**WHAT TO WORK ON**. Without the images, print every line of the material below exactly as given.

**INFORMATION SUPPLIED**.
============================================================

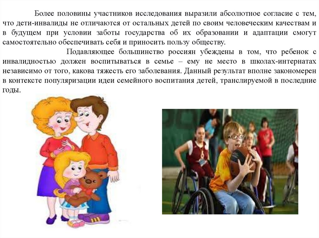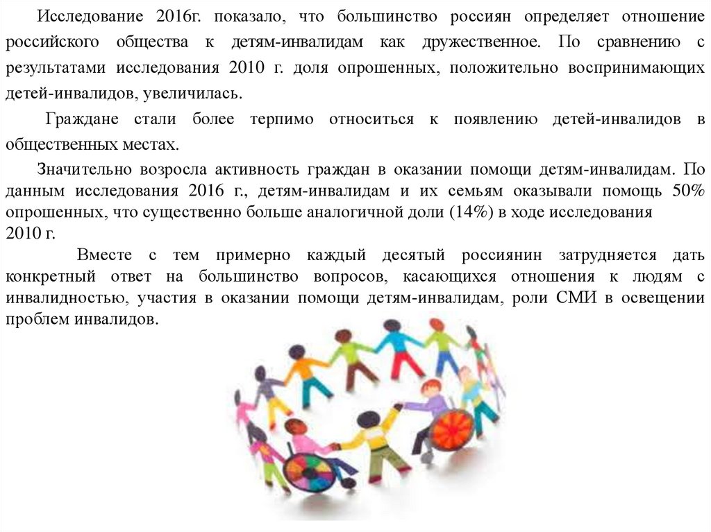 Исследование 2016г. показало, что большинство россиян определяет отношениероссийского общества к детям-инвалидам как дружественное. По сравнению с
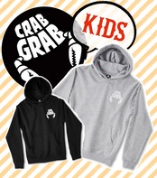 おそらく世界的に有名なロゴ フーディのユース サイズ バージョン。 Crab Grab のロゴが厚くプリントされたヘビーデューティーなフーディ。
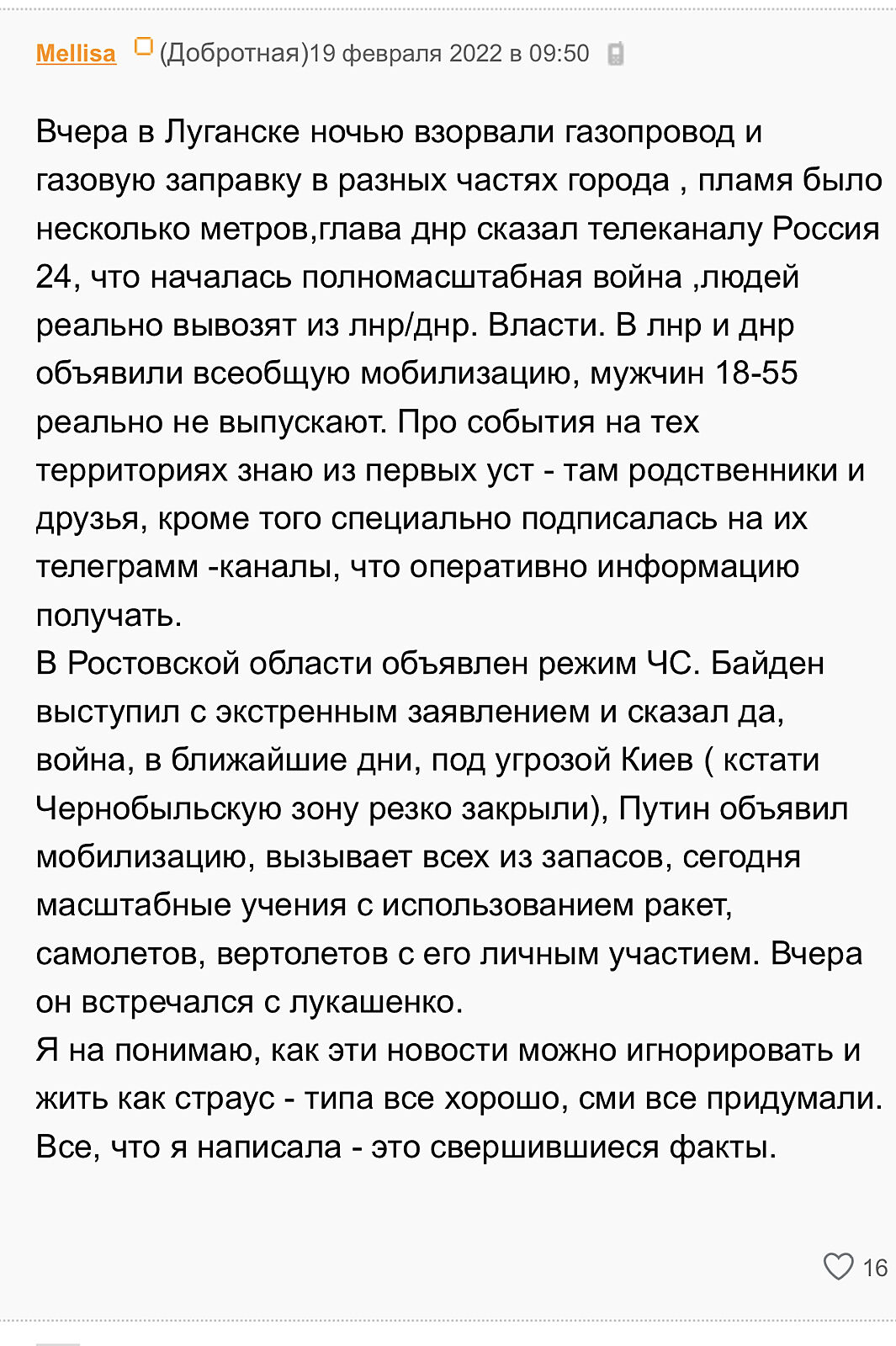 Мы с мужем не верили, но моя сестра примерно дней за 10 уже начала говорить что нужно уезжать, будет война…

============================================================

**FINISHED EXERCISE**.
 Исследование 2016г. показало, что большинство россиян определяет отношениероссийского общества к детям-инвалидам как дружественное. По сравнению с
 おそらく世界的に有名なロゴ フーディのユース サイズ バージョン。 Crab Grab のロゴが厚くプリントされたヘビーデューティーなフーディ。
 Мы с мужем не верили, но моя сестра примерно дней за 10 уже начала говорить что нужно уезжать, будет война…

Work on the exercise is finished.